После всего этого сомневаться в том, что в основе марксизма–ленинизма, в основе по крайней мере марксистско–ленинской логики и теории познания лежит идея бесконечного достижения объективной истины, это «вечное и бесконечное приближение мышления к объекту», этот «вечный процесс движения» в материи и мышлении, — это значило бы ревизовать всю эту философию с начала до конца.
8. Учение о становящейся бесконечности и непрерывности тончайшим образом разработано в математическом анализе. Вместо вялой пошлости обывательских рассуждений о том, что все течет, все изменяется, мы находим здесь очень тонкий и мощный аппарат для освоения этого бесконечно мало наплывающего процесса сознания и для применения его в науке о природе и в технике. Это и заставляет нас использовать для логики старый и испытанный метод бесконечно–малых, это тончайшее, острейшее, блестящее орудие изображения непрерывных и бесконечных процессов, давшее столь грандиозные результаты в естествознании. Как мы можем остаться равнодушными к этому в логике, т. е. в той науке, которая как раз и должна нам рассказать, что такое мышление как максимально правильное отражение вечно движущегося бытия?
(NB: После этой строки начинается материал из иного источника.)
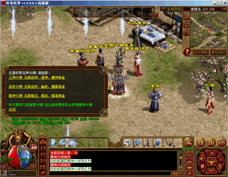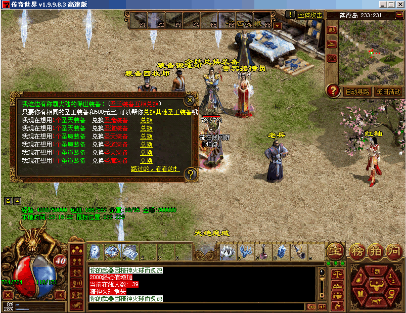 【游戏介绍】本服装备可合成,可回收,爆率合理,三个职业平衡,超级耐玩!相信您会爱上的.

Можно ли, спросим мы, теперь, в середине XX в., игнорировать этот замечательный метод при обрисовке природы логического мышления? Допустимо ли такое чудовищное отставание нашей логики от точных наук, насквозь пронизанных дифференциальным и интегральным исчислением? Не превращается ли всякое наше рассуждение о становлении мышления, об отражении материи в мышлении в пустую фразу, если мир движущейся материи так точно и так прекрасно зафиксирован в математическом анализе, а мир мышления все еще коснеет — в наших изображениях его — на стадии арифметики конечных и неподвижно изолированных чисел? Нам кажется, уже давно пора ликвидировать это чудовищное отставание логики от науки. Невозможно, чтобы учащийся, прошедший современную математику, механику, физику, астрономию и пр., относился с пренебрежением к нашей логике. А он должен так относиться, ибо в ней он находит теорию конечных понятий и теорию неподвижных и взаимно изолированных понятий. Достаточно ли этого? Допустимо ли вузы свести на таблицу умножения? Можно ли, имеем ли мы право говорить о мышлении как об отражении материи, если материя есть сплошная текучесть и подвижность (при условии скачкообразных переходов), а мышление есть сплошная неподвижность, точкообразная косность, где ни при каких условиях и никогда ни один элемент не может перейти в другой? Нам кажется, что с точки зрения современного развития философии и науки вопросы эти могут быть решены совершенно ясно и безоговорочно. И математический анализ—как один из методов (это уже во всяком случае)—должен найти какой–то отзвук в науке логики.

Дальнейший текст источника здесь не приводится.